[Items listed in a dataset]
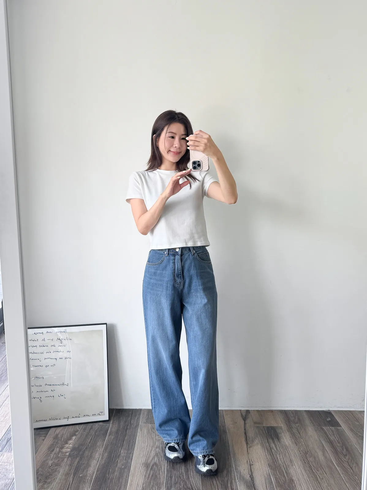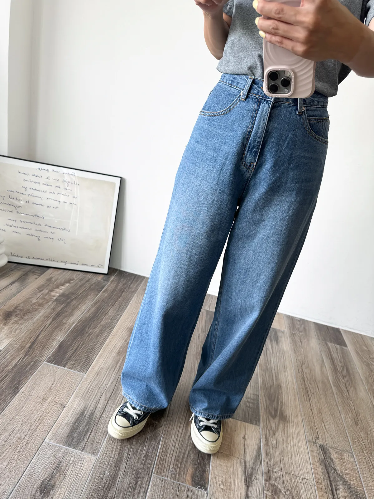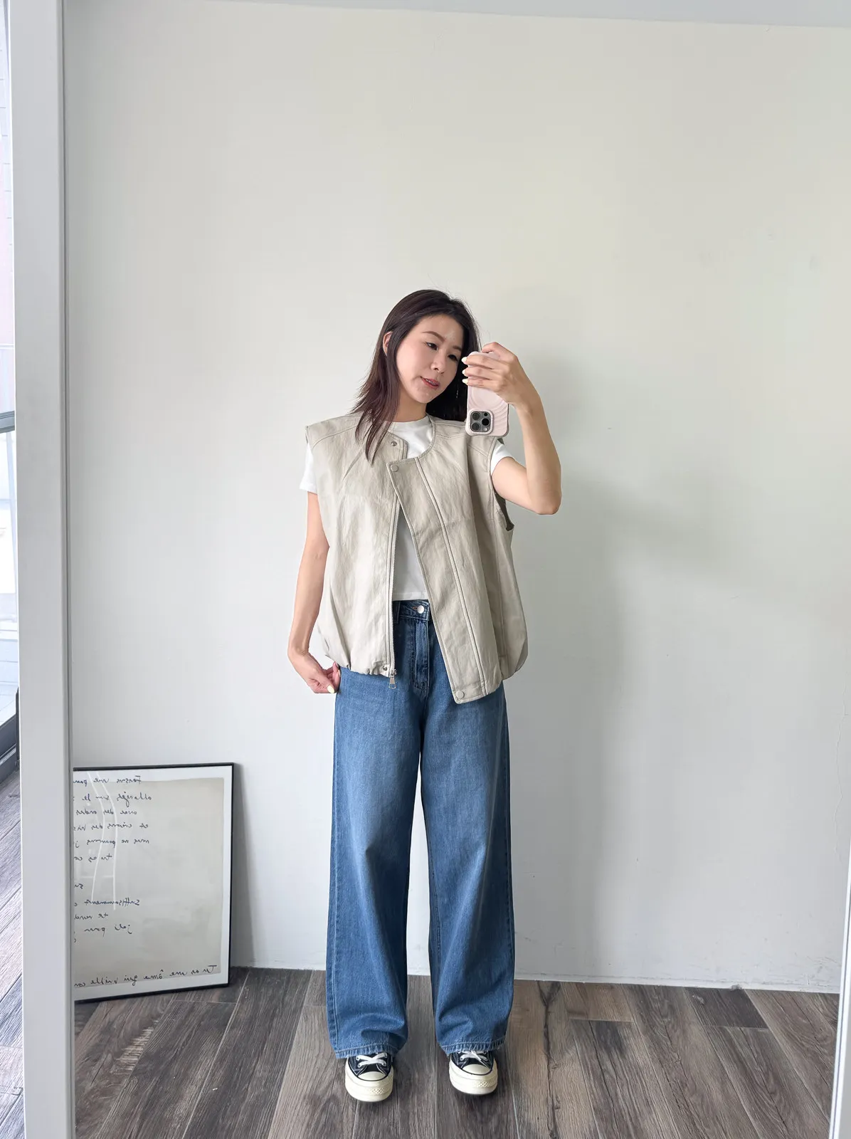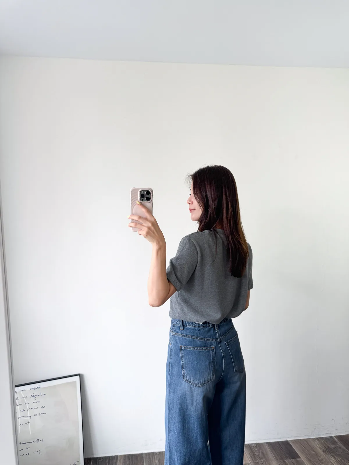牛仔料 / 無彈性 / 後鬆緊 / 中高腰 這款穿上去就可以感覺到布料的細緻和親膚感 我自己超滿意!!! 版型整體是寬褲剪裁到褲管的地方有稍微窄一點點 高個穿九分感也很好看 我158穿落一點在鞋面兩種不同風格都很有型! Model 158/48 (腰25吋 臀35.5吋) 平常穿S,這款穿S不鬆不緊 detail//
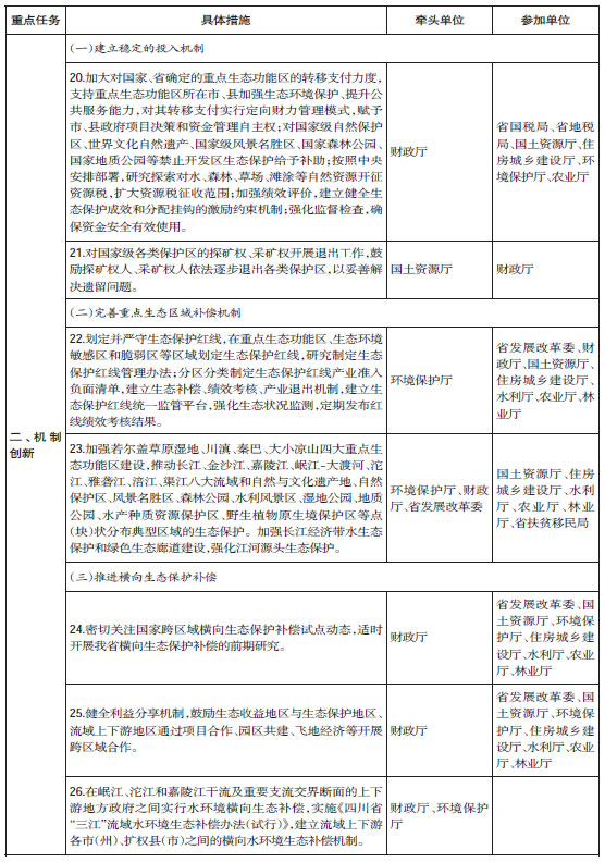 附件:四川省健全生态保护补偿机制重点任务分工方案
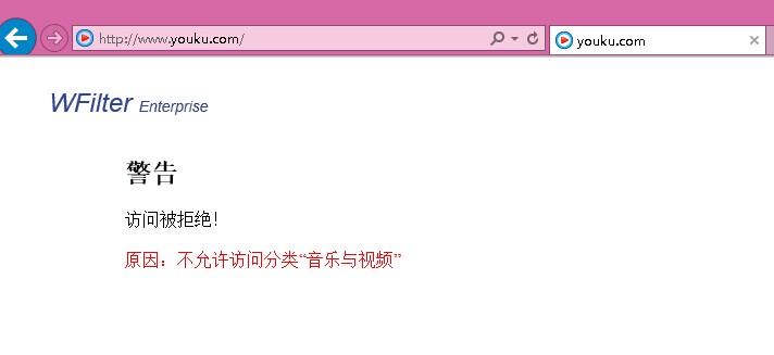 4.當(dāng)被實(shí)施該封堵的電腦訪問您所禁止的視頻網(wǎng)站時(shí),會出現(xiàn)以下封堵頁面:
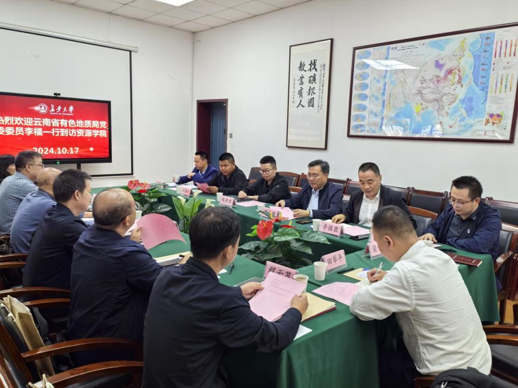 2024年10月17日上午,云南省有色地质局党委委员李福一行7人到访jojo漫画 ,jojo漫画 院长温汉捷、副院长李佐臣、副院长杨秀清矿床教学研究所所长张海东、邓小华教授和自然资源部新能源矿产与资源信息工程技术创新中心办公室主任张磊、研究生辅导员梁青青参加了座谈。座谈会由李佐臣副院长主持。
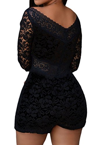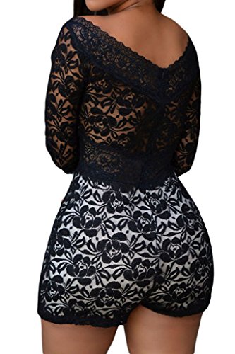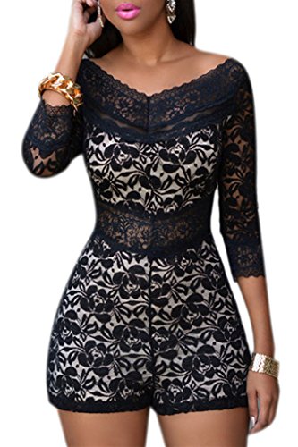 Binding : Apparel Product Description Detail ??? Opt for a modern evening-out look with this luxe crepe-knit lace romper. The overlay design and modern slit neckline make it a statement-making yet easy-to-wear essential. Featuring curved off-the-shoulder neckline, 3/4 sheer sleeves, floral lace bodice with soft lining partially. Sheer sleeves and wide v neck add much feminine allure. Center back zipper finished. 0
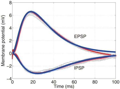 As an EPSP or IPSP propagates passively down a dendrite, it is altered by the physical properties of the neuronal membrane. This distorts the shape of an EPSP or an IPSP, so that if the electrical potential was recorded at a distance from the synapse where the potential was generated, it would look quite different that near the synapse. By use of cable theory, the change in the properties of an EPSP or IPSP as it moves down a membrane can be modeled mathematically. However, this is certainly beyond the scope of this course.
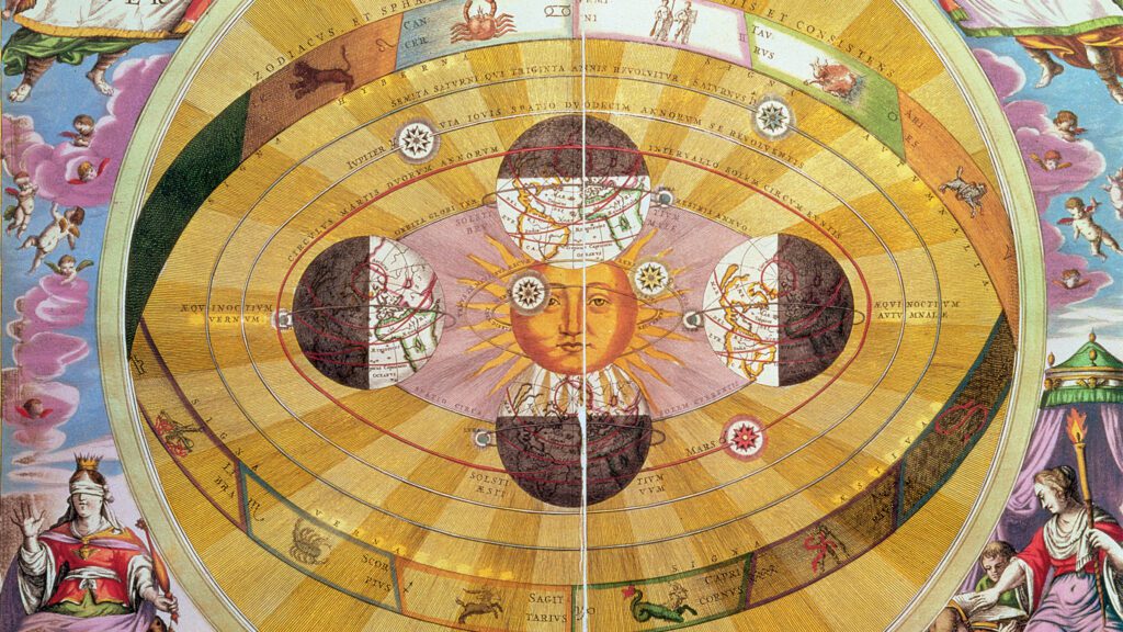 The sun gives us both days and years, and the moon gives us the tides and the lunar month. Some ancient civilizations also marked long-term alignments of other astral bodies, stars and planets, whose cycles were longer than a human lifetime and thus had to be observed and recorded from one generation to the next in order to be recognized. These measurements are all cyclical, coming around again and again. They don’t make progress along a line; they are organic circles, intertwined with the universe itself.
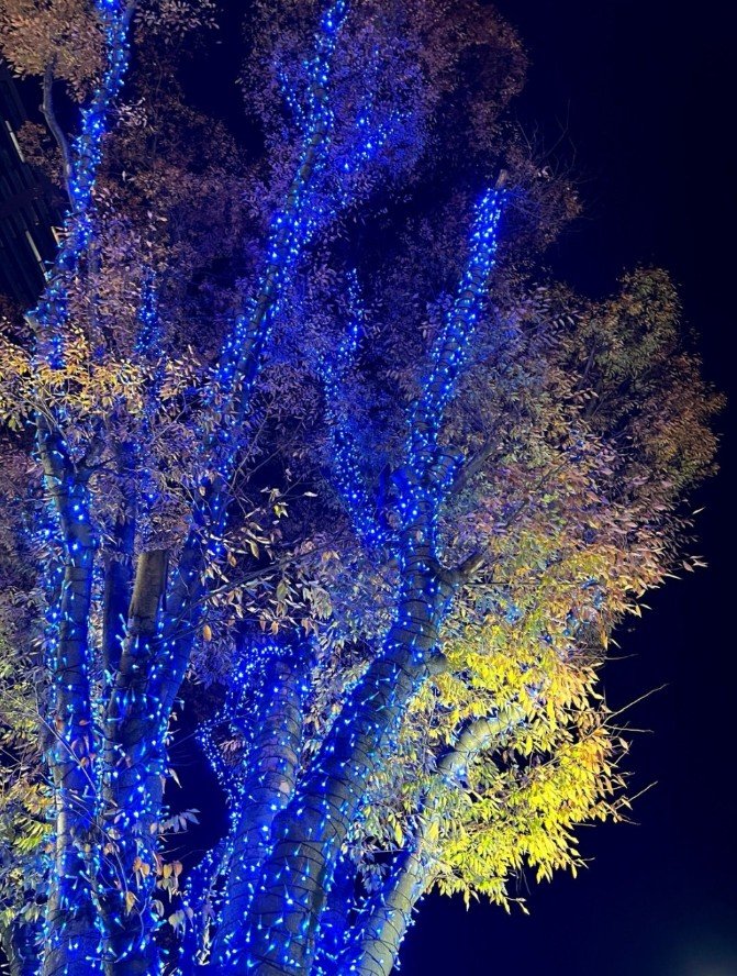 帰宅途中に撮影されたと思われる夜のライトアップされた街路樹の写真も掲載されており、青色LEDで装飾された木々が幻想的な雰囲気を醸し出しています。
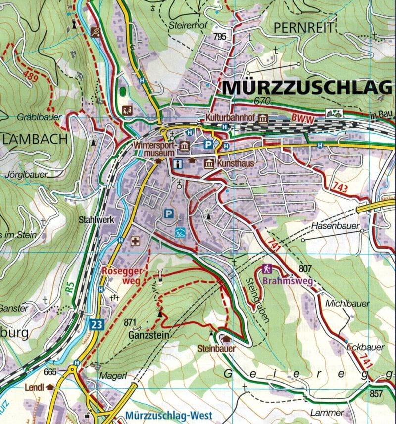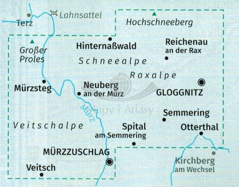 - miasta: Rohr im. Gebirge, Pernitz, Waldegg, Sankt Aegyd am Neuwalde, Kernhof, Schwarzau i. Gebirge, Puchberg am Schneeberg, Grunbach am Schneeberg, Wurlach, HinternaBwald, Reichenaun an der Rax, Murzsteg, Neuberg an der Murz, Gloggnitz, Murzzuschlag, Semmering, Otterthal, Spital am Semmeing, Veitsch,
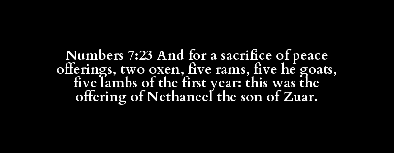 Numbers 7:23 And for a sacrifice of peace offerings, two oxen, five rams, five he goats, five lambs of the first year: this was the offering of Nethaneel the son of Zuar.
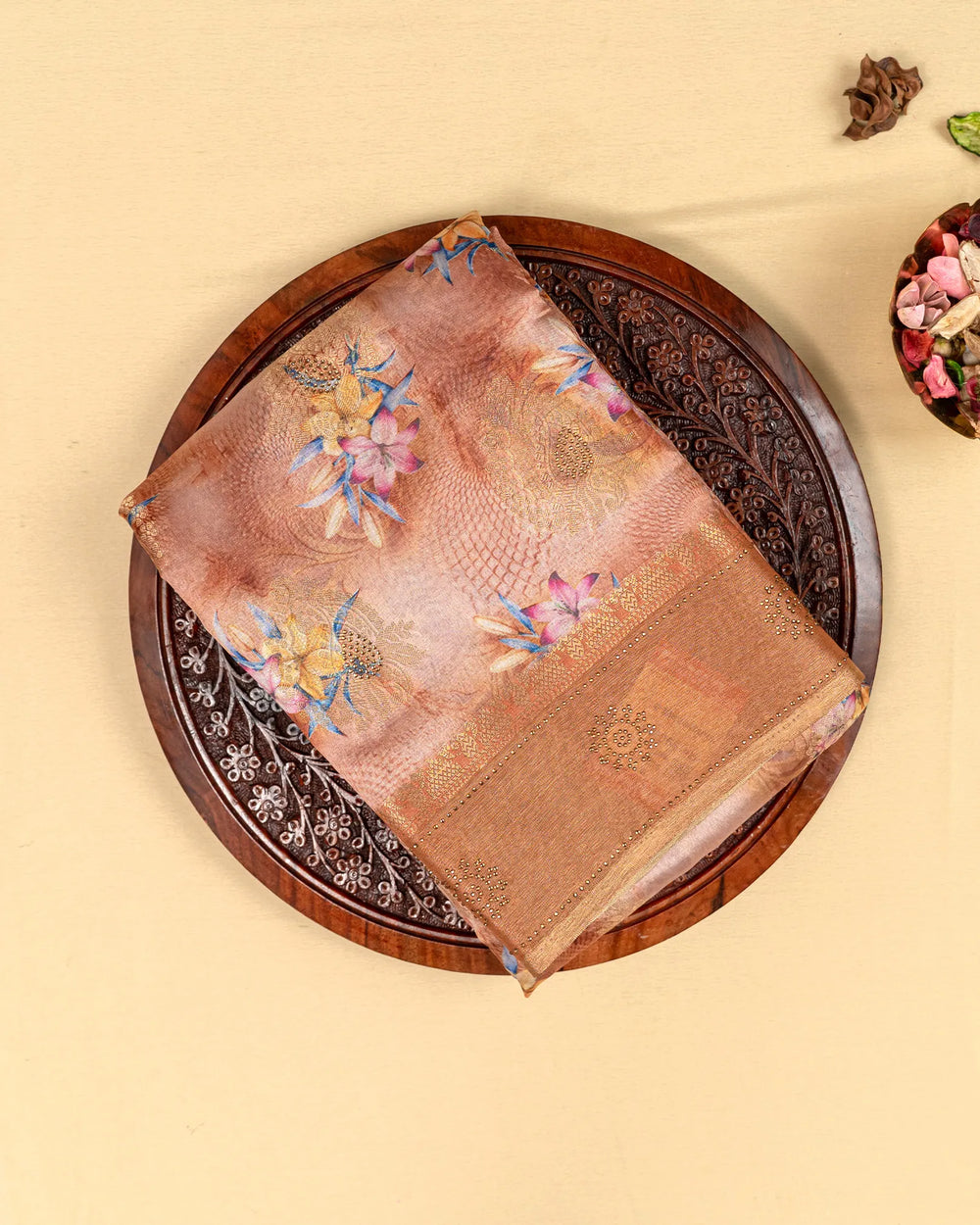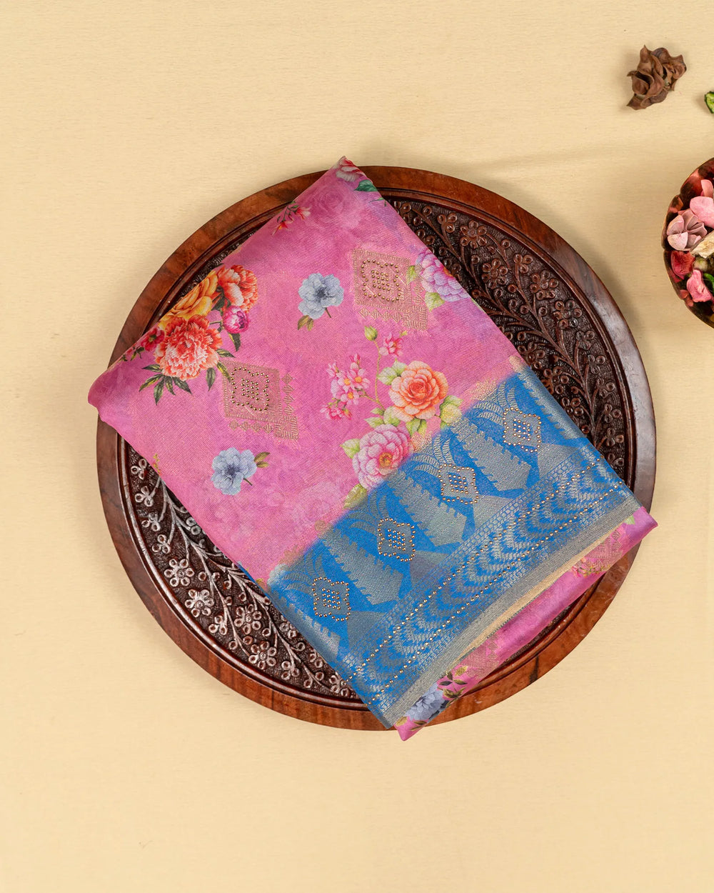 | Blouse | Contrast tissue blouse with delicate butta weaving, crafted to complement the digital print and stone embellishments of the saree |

→ **Problem statement**: Repeat each entry exactly as it appears; skip any picture.

→ **Response**:
牛仔料 / 無彈性 / 後鬆緊 / 中高腰 這款穿上去就可以感覺到布料的細緻和親膚感 我自己超滿意!!! 版型整體是寬褲剪裁到褲管的地方有稍微窄一點點 高個穿九分感也很好看 我158穿落一點在鞋面兩種不同風格都很有型! Model 158/48 (腰25吋 臀35.5吋) 平常穿S,這款穿S不鬆不緊 detail//
 附件:四川省健全生态保护补偿机制重点任务分工方案
 4.當(dāng)被實(shí)施該封堵的電腦訪問您所禁止的視頻網(wǎng)站時(shí),會出現(xiàn)以下封堵頁面:
 2024年10月17日上午,云南省有色地质局党委委员李福一行7人到访jojo漫画 ,jojo漫画 院长温汉捷、副院长李佐臣、副院长杨秀清矿床教学研究所所长张海东、邓小华教授和自然资源部新能源矿产与资源信息工程技术创新中心办公室主任张磊、研究生辅导员梁青青参加了座谈。座谈会由李佐臣副院长主持。
 Binding : Apparel Product Description Detail ??? Opt for a modern evening-out look with this luxe crepe-knit lace romper. The overlay design and modern slit neckline make it a statement-making yet easy-to-wear essential. Featuring curved off-the-shoulder neckline, 3/4 sheer sleeves, floral lace bodice with soft lining partially. Sheer sleeves and wide v neck add much feminine allure. Center back zipper finished. 0
 As an EPSP or IPSP propagates passively down a dendrite, it is altered by the physical properties of the neuronal membrane. This distorts the shape of an EPSP or an IPSP, so that if the electrical potential was recorded at a distance from the synapse where the potential was generated, it would look quite different that near the synapse. By use of cable theory, the change in the properties of an EPSP or IPSP as it moves down a membrane can be modeled mathematically. However, this is certainly beyond the scope of this course.
 The sun gives us both days and years, and the moon gives us the tides and the lunar month. Some ancient civilizations also marked long-term alignments of other astral bodies, stars and planets, whose cycles were longer than a human lifetime and thus had to be observed and recorded from one generation to the next in order to be recognized. These measurements are all cyclical, coming around again and again. They don’t make progress along a line; they are organic circles, intertwined with the universe itself.
 帰宅途中に撮影されたと思われる夜のライトアップされた街路樹の写真も掲載されており、青色LEDで装飾された木々が幻想的な雰囲気を醸し出しています。
 - miasta: Rohr im. Gebirge, Pernitz, Waldegg, Sankt Aegyd am Neuwalde, Kernhof, Schwarzau i. Gebirge, Puchberg am Schneeberg, Grunbach am Schneeberg, Wurlach, HinternaBwald, Reichenaun an der Rax, Murzsteg, Neuberg an der Murz, Gloggnitz, Murzzuschlag, Semmering, Otterthal, Spital am Semmeing, Veitsch,
 Numbers 7:23 And for a sacrifice of peace offerings, two oxen, five rams, five he goats, five lambs of the first year: this was the offering of Nethaneel the son of Zuar.
 | Blouse | Contrast tissue blouse with delicate butta weaving, crafted to complement the digital print and stone embellishments of the saree |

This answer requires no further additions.